Cell Structure, Function, and Transport Study Guide
- Looking at a cell under a microscope, how do you know if it is prokaryotic?
- Which organisms contain a nucleus?
- What organelles would you expect to find in plant cells but not animal cells?
- What organelle is usually larger in plant cells than animal cells? Identify it on the figure below.
- Megan examines a liver cell and observes an organelle with many smooth sided channels. What activity would identify this organelle as a Golgi?
- What are the functions of the nucleus?
- Which structure makes proteins using coded instructions that come from the nucleus?
- Which organelle converts the chemical energy stored in food into compounds that are not more convenient for the cell to use?
- Which organelles help provide cells with energy?
- What are the functions of the cytoskeleton?
- What is the main function of a cell wall?
- Unlike the smooth endoplasmic reticulum, what is attached to the rough endoplasmic reticulum?
- What structures carry out cell movement?
- What are the functions of the cell membrane?
- The cell membrane contains channels and pumps that help move materials from one side to the other. What are the channels and pumps made of?
- When the concentration of molecules on both sides of a membrane is the same, what will happen to the molecules?
- What would happen if the cell membrane became impermeable?
- Diffusion is the movement of molecules in what direction?
- Which means of particle transport requires energy input from the cell?
- The diffusion of water across a selectively permeable membrane is called what?
- An animal cell that is surrounded by fresh water will burst because the osmotic pressure causes what to happen within the cell?
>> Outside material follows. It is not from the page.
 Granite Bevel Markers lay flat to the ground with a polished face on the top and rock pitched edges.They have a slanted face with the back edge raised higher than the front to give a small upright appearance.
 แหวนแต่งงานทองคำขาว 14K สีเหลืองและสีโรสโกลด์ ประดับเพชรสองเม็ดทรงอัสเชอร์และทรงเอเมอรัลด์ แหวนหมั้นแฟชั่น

- Molecules tend to move from an area where they are more concentrated to an area where they are less concentrated by which process?
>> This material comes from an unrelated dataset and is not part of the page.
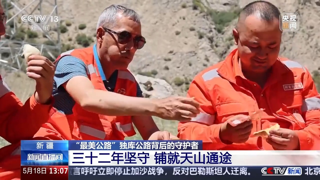 下午兩點多,亞克甫招呼大家停下來吃午飯。這幾天,亞克甫和同事們要搶在獨庫公路通車之前,把冰封了一個冬天的道路養(yǎng)護好。他們經(jīng)常沒時間回到養(yǎng)護站休整,午飯也只能在路邊對付一下。

- Large molecules such as glucose that cannot cross the lipid bilayer can still move across the membrane with a concentration gradient by which means?
- A hypertonic salt solution has a higher concentration of solutes than a blood cell. Explain what happens when a blood cell is placed in a hypertonic salt solution.
- The diagram shows a cell membrane composed of a phospholipid bilayer with a channel protein. Each X represents the same type of molecule inside or outside the cell. Facilitated diffusion moves these molecules back and forth across the cell membrane in what direction?